──────── Extracted material ────────
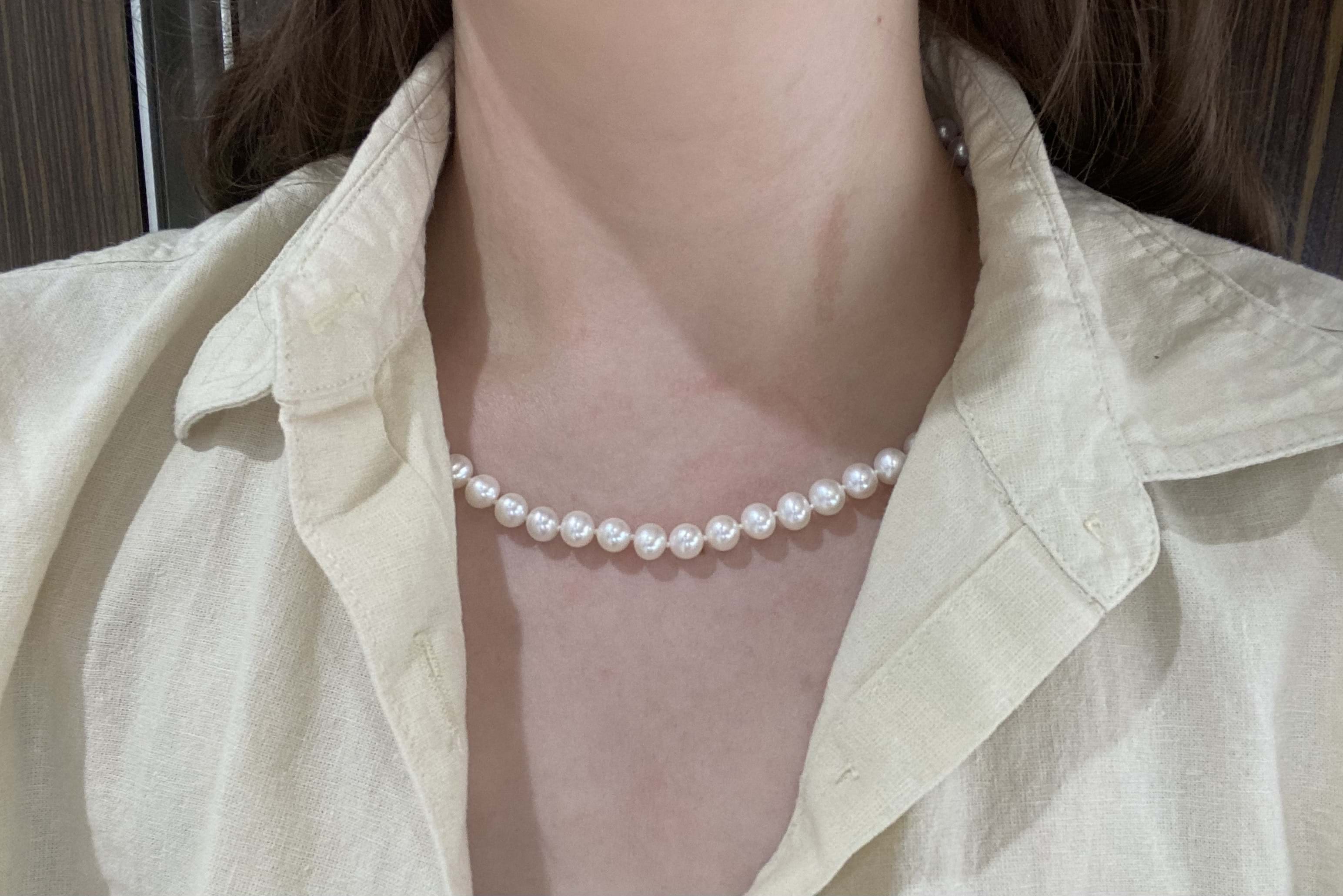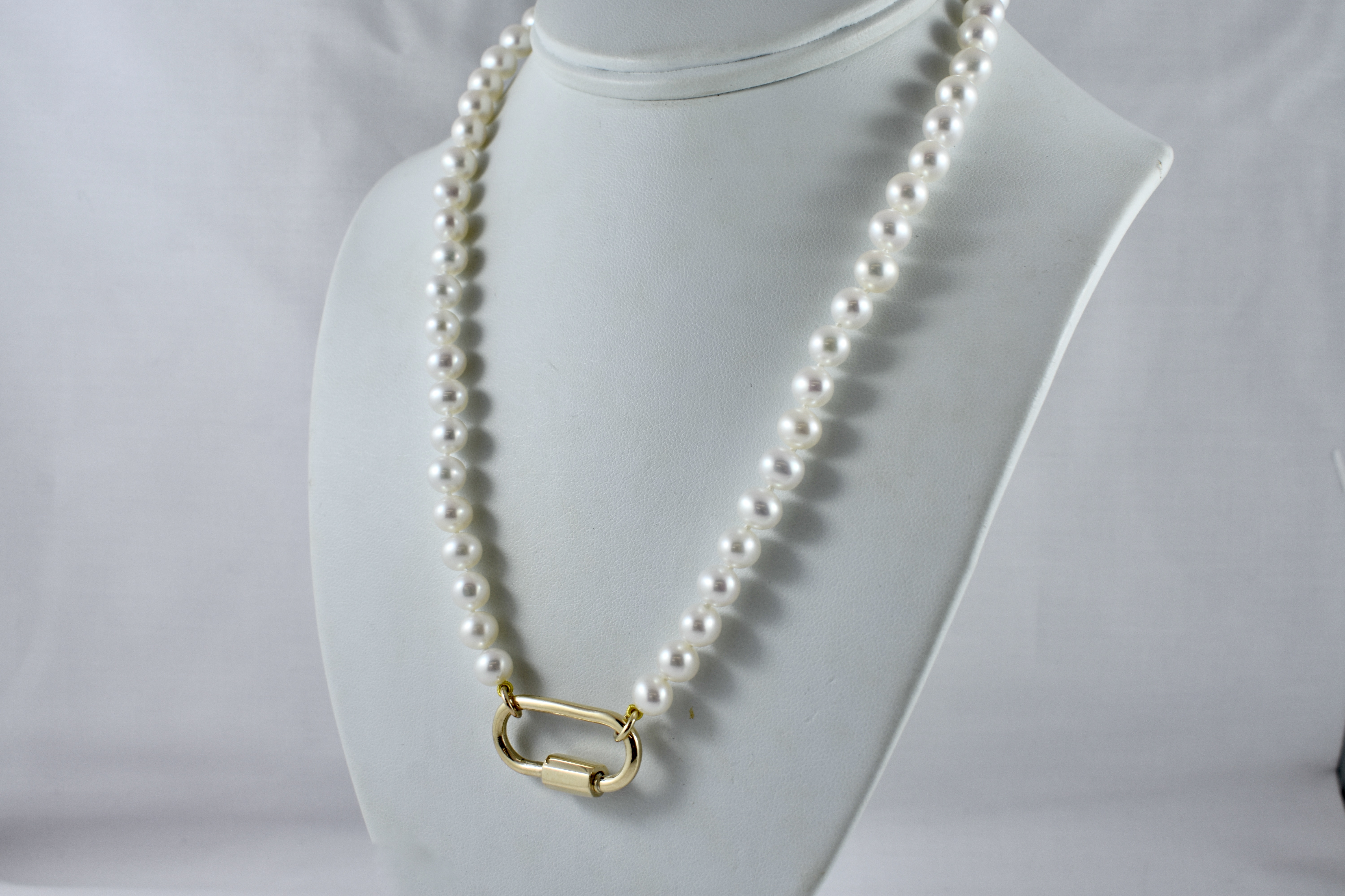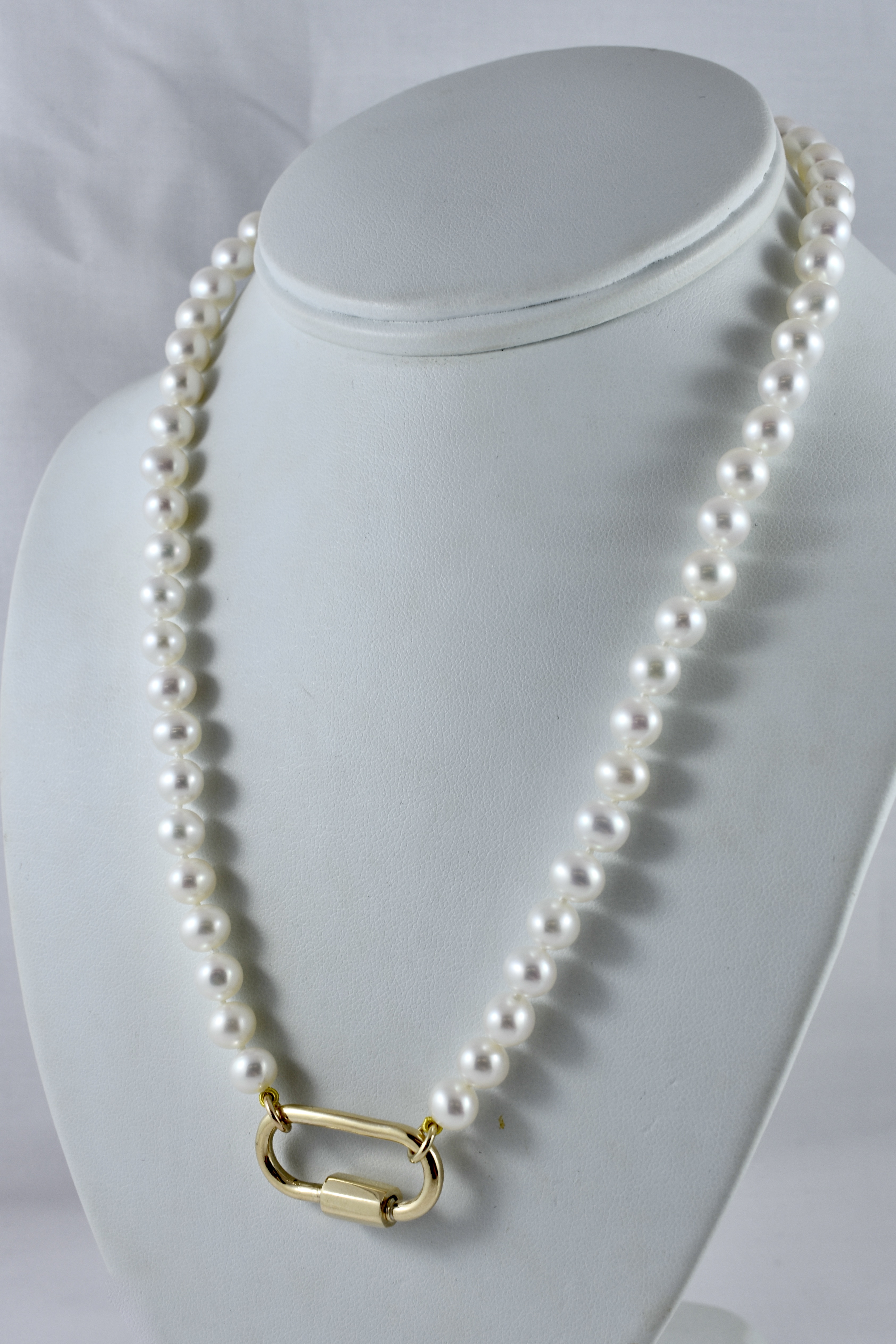 A pretty strand of white Freshwater pearls with good lustre, measuring 7-7.5mm semi-round. The pearls have been hand strung on silk with two 9ct yellow gold jump ring ends. Strand length 45cm. These ends allow for a wide range of styling versatility, including various brooches, enhancers or carabiners (as pictured). Carabiner available for separate purchase (20359102).
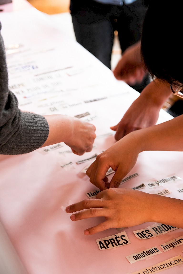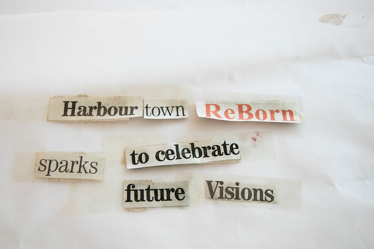 Ana held a series of collaborative workshops where she invited people to work together to write a text, or ‘Ode to Liberty’ as Ana referred to it. This piece of collective writing was formed from cut-outs of the day’s newspaper, turning negative headlines into positive reflections and statements.
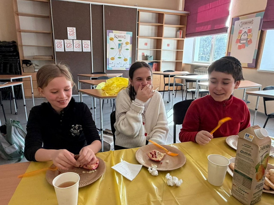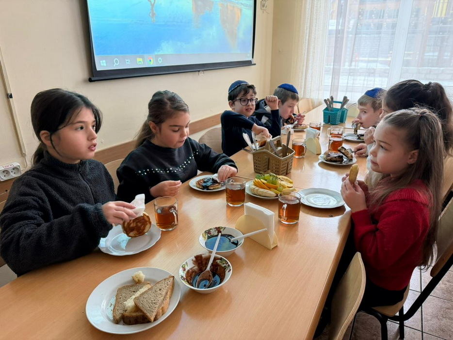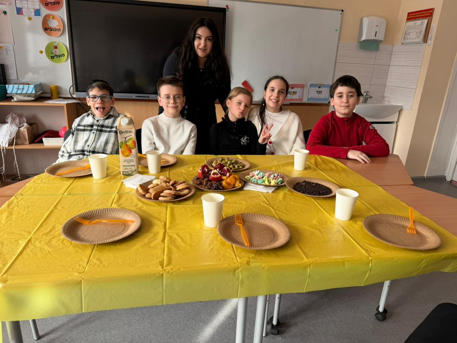 Праздничное утро началось с особого завтрака, во время которого дети пробовали знаменитые «Семь плодов Израиля». Ученики не просто угощались фруктами, а вспоминали их значение в еврейской традиции, произносили соответствующие благословения и узнавали, почему именно плоды земли Израиля стали символом изобилия, благодарности и связи человека с Творцом.
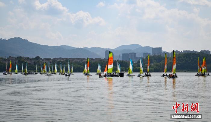 9月27日,众多帆船航行青山湖湖面上。当日,2025中国家庭帆船赛·杭州站在浙江杭州临安青山湖拉开帷幕,来自北京、上海、武汉等10个城市的40组家庭近百名选手在绿水青山间扬帆。中新社记者 王刚 摄
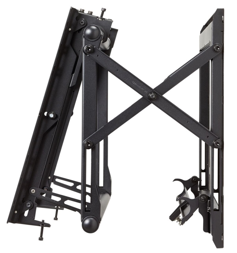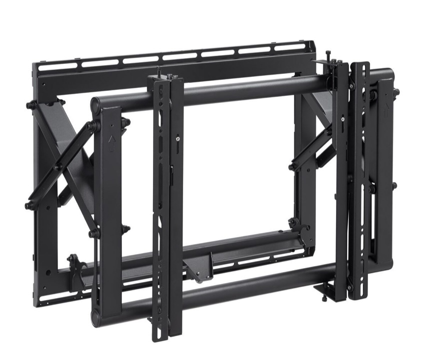 PFW 6870 is a customizable video wall framing system for displays weighing up to 72 kg / 160 lbs. with a mounting pattern of 200 x 200 to 600 x 400mm. It features multi-monitor stacking, spring-loaded release, open design, custom spacers, top adjustable mounting brackets and straight scissor-style extension.
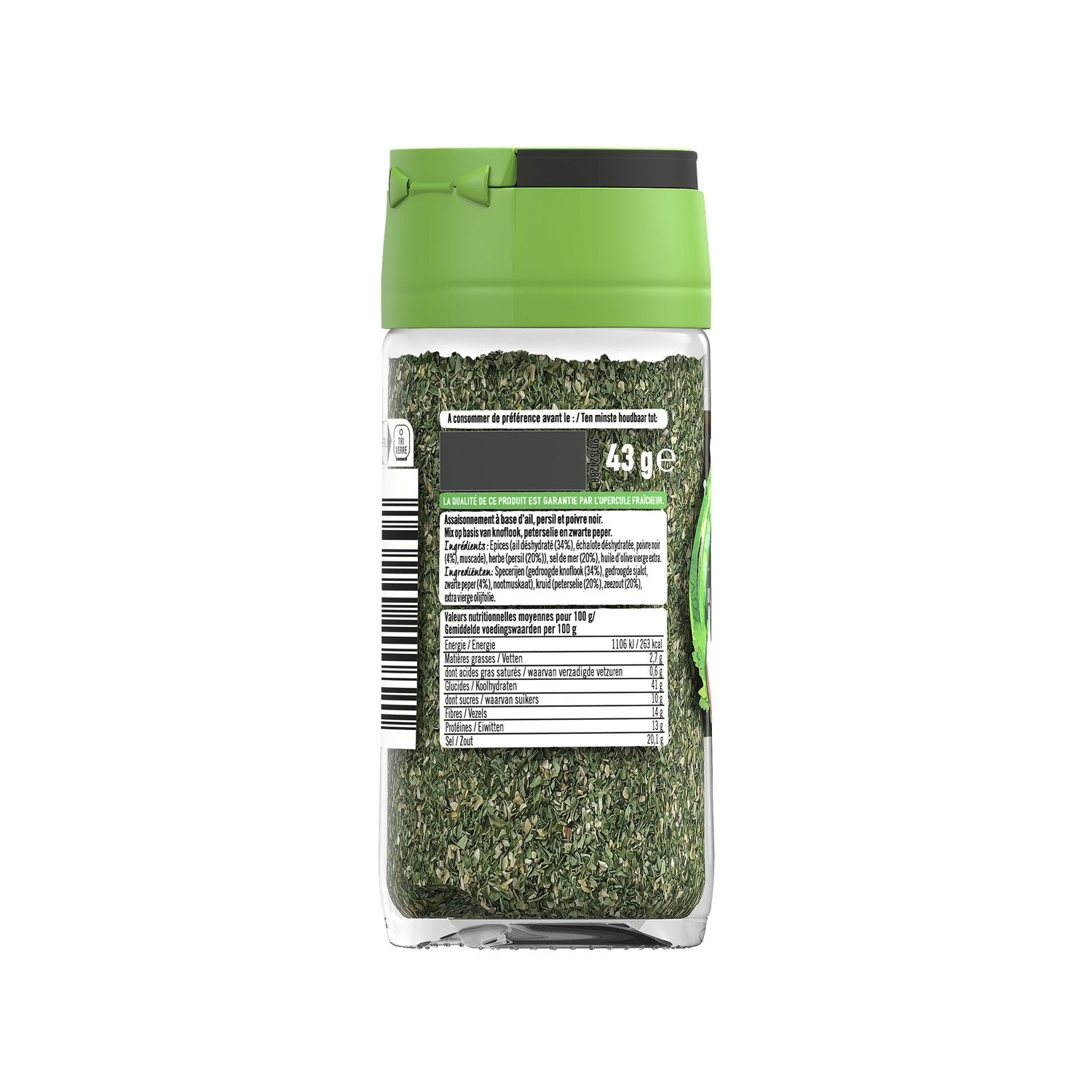 Ingredients: spices (dehydrated garlic (43%), dehydrated shallot, black pepper), parsley (20%), sea salt (20%).
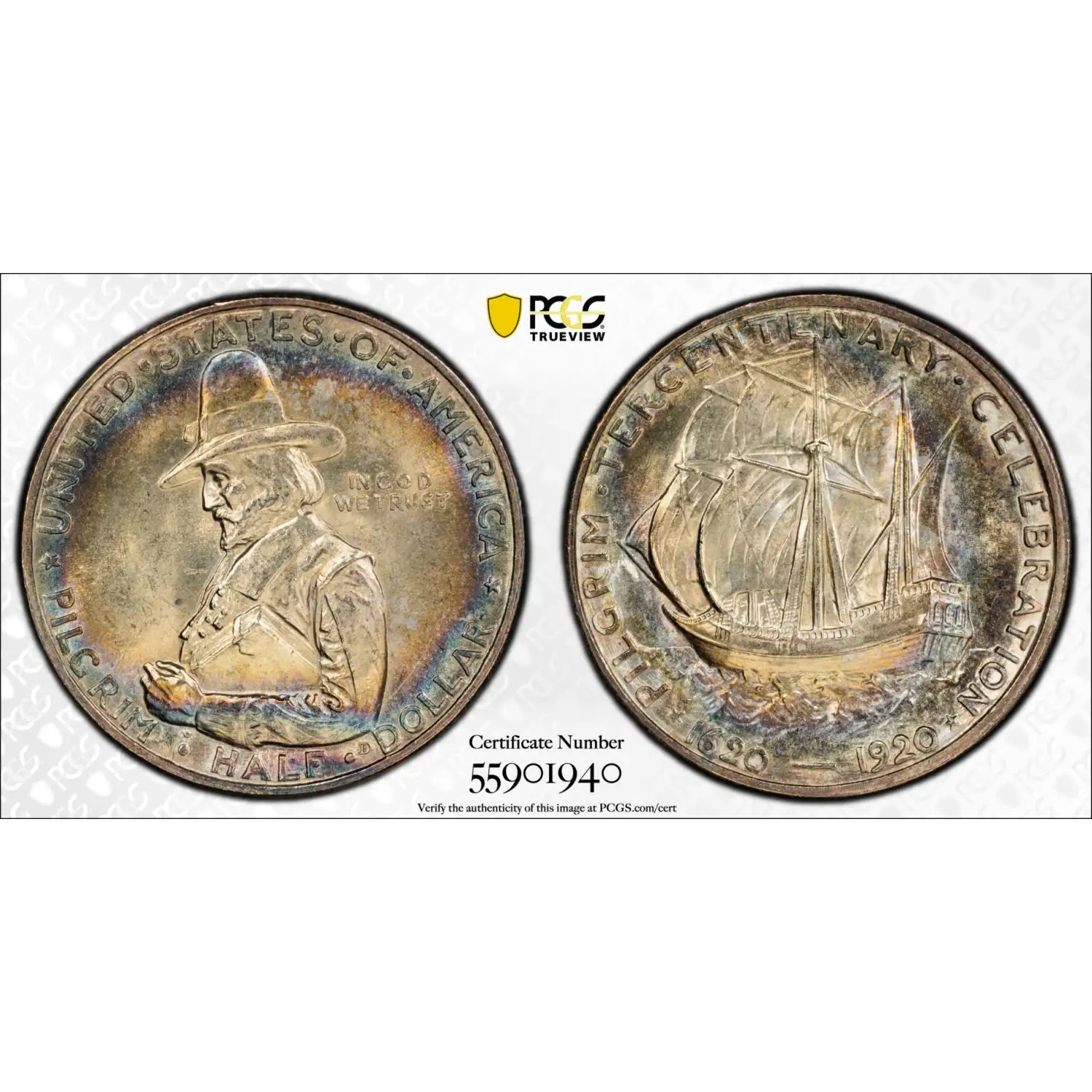 1920 Classic Commemorative Pilgrim Tercentenary PCGS MS-65 Pilgrim CAC
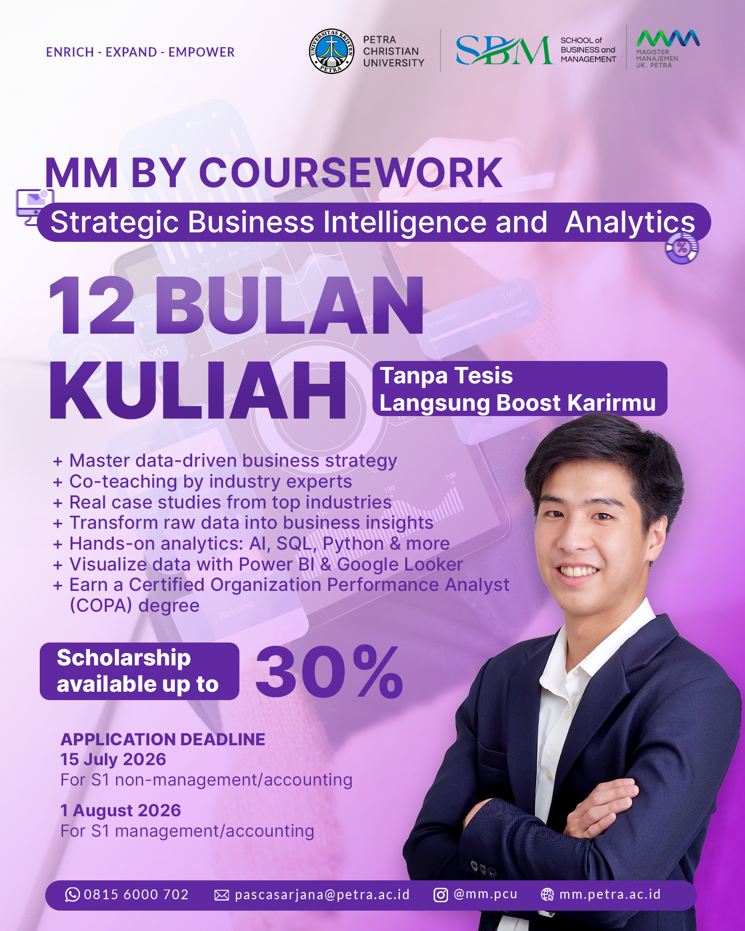 dengan jalur Strategic Business Intelligence and Analytics. 12 bulan kuliah tanpa tesis langsung
────────
▸ **The problem**
Print, exactly, each line above from the one with "Ana held a series" to the one with "1920 Classic Commemorative", end lines included. Leave pictures out of it.

▸ **Response**
 Ana held a series of collaborative workshops where she invited people to work together to write a text, or ‘Ode to Liberty’ as Ana referred to it. This piece of collective writing was formed from cut-outs of the day’s newspaper, turning negative headlines into positive reflections and statements.
 Праздничное утро началось с особого завтрака, во время которого дети пробовали знаменитые «Семь плодов Израиля». Ученики не просто угощались фруктами, а вспоминали их значение в еврейской традиции, произносили соответствующие благословения и узнавали, почему именно плоды земли Израиля стали символом изобилия, благодарности и связи человека с Творцом.
 9月27日,众多帆船航行青山湖湖面上。当日,2025中国家庭帆船赛·杭州站在浙江杭州临安青山湖拉开帷幕,来自北京、上海、武汉等10个城市的40组家庭近百名选手在绿水青山间扬帆。中新社记者 王刚 摄
 PFW 6870 is a customizable video wall framing system for displays weighing up to 72 kg / 160 lbs. with a mounting pattern of 200 x 200 to 600 x 400mm. It features multi-monitor stacking, spring-loaded release, open design, custom spacers, top adjustable mounting brackets and straight scissor-style extension.
 Ingredients: spices (dehydrated garlic (43%), dehydrated shallot, black pepper), parsley (20%), sea salt (20%).
 1920 Classic Commemorative Pilgrim Tercentenary PCGS MS-65 Pilgrim CAC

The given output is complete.